EXERCISE OBJECTIVE
Starting at the first line and ending at the one with "ピンク×カーキ ピンクでもストライプのオックスフォードシャツなら、甘さなく着れます◎ LWmの刺繍が高級感ありです◎", give the lines of the listing again exactly, and nothing else; skip the pictures.

COLLECTED MATERIAL
..............................
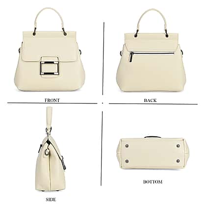 Refresh your everyday style with this classic genuine leather crossbody bag in elegant off-white. Crafted from high-quality leather, it offers both sophistication and long-lasting use. The back zip pocket enhances practicality, and under the flap, you'll find two zippered compartments to keep your belongings secure. Inside, the polyester-lined interior includes one zip pocket and one slip pocket, perfect for organising your essentials. The bottom corners are fitted with four anti-friction rivets to prevent wear. With a detachable shoulder strap, you can easily convert it into a shoulder bag, making it ideal for daily errands and household activities.
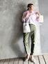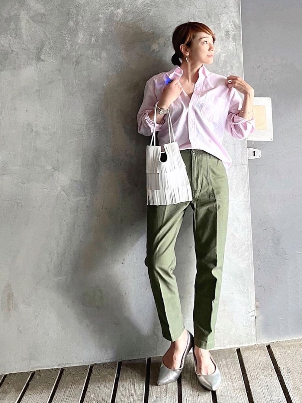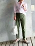 ピンク×カーキ ピンクでもストライプのオックスフォードシャツなら、甘さなく着れます◎ LWmの刺繍が高級感ありです◎
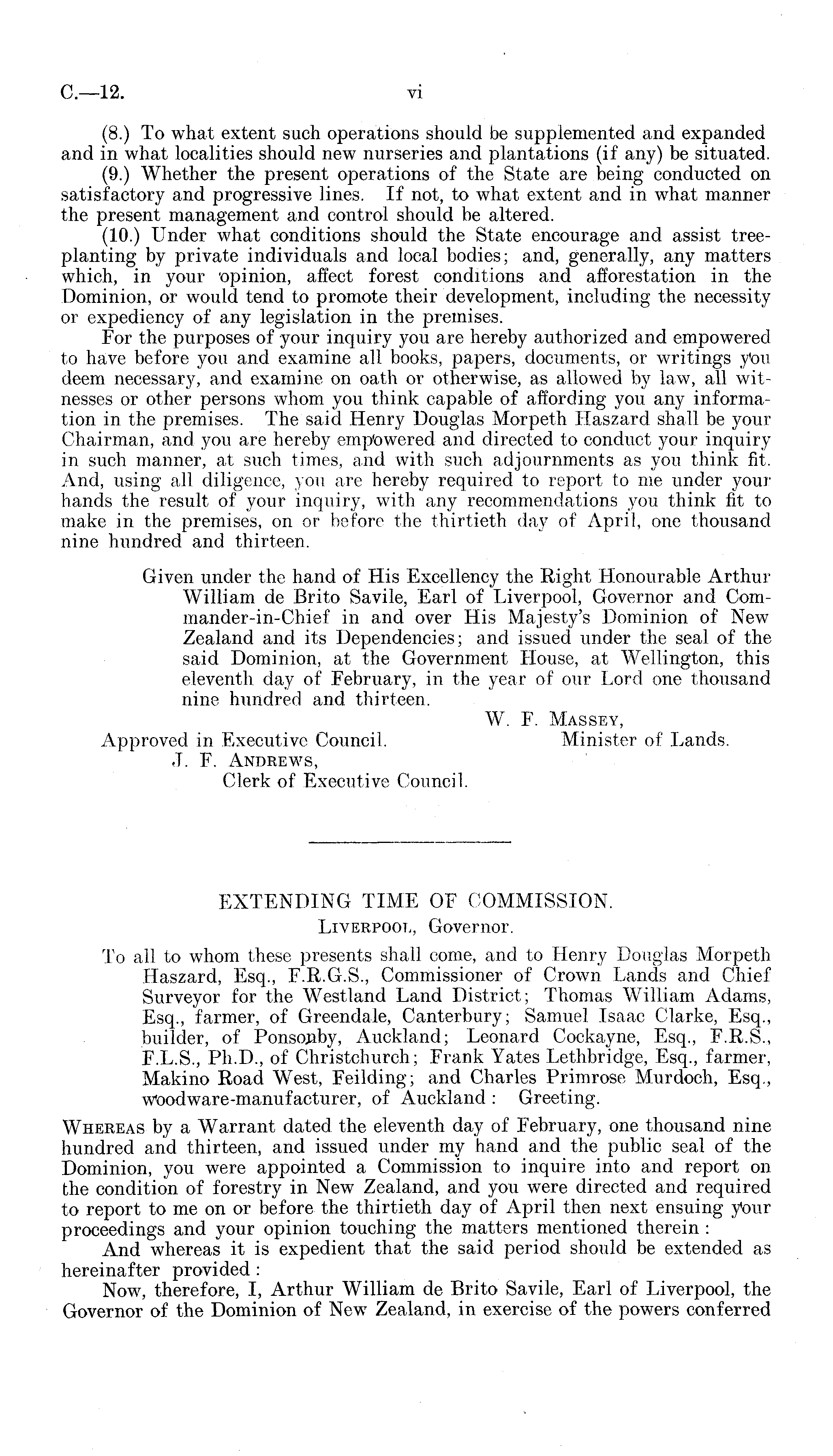 EXTENDING TIME OF COMMISSION. Liverpool, Governor. To all to whom these presents shall come, and to Henry Douglas Morpeth Haszard, Esq., F.R.G.S., Commissioner of Crown Lands and Chief Surveyor for the Westland Land District; Thomas William Adams, Esq., farmer, of Greendale, Canterbury; Samuel Isaac Clarke, Esq., builder, of Ponsojiby, Auckland; Leonard Cockayne, Esq., F.E.S., F.L.S., Ph.D., of Christchurch; Frank Yates Lethbridge, Esq., farmer, Makino Road West, Feilding; and Charles Primrose Murdoch, Esq., woodware-manufacturer, of Auckland : Greeting. Whereas by a Warrant dated the eleventh day of February, one thousand nine hundred and thirteen, and issued under my hand and the public seal of the Dominion, you were appointed a Commission to inquire into and report on the condition of forestry in New Zealand, and you were directed and required to report to me on or before the thirtieth day of April then next ensuing your proceedings and your opinion touching the matters mentioned therein : And whereas it is expedient that the said period should be extended as hereinafter provided : Now, therefore, I, Arthur William de Brito Savile, Earl of Liverpool, the Governor of the Dominion of New Zealand, in exercise of the powers conferred
..............................
RESULT OF THIS TASK
 Refresh your everyday style with this classic genuine leather crossbody bag in elegant off-white. Crafted from high-quality leather, it offers both sophistication and long-lasting use. The back zip pocket enhances practicality, and under the flap, you'll find two zippered compartments to keep your belongings secure. Inside, the polyester-lined interior includes one zip pocket and one slip pocket, perfect for organising your essentials. The bottom corners are fitted with four anti-friction rivets to prevent wear. With a detachable shoulder strap, you can easily convert it into a shoulder bag, making it ideal for daily errands and household activities.
 ピンク×カーキ ピンクでもストライプのオックスフォードシャツなら、甘さなく着れます◎ LWmの刺繍が高級感ありです◎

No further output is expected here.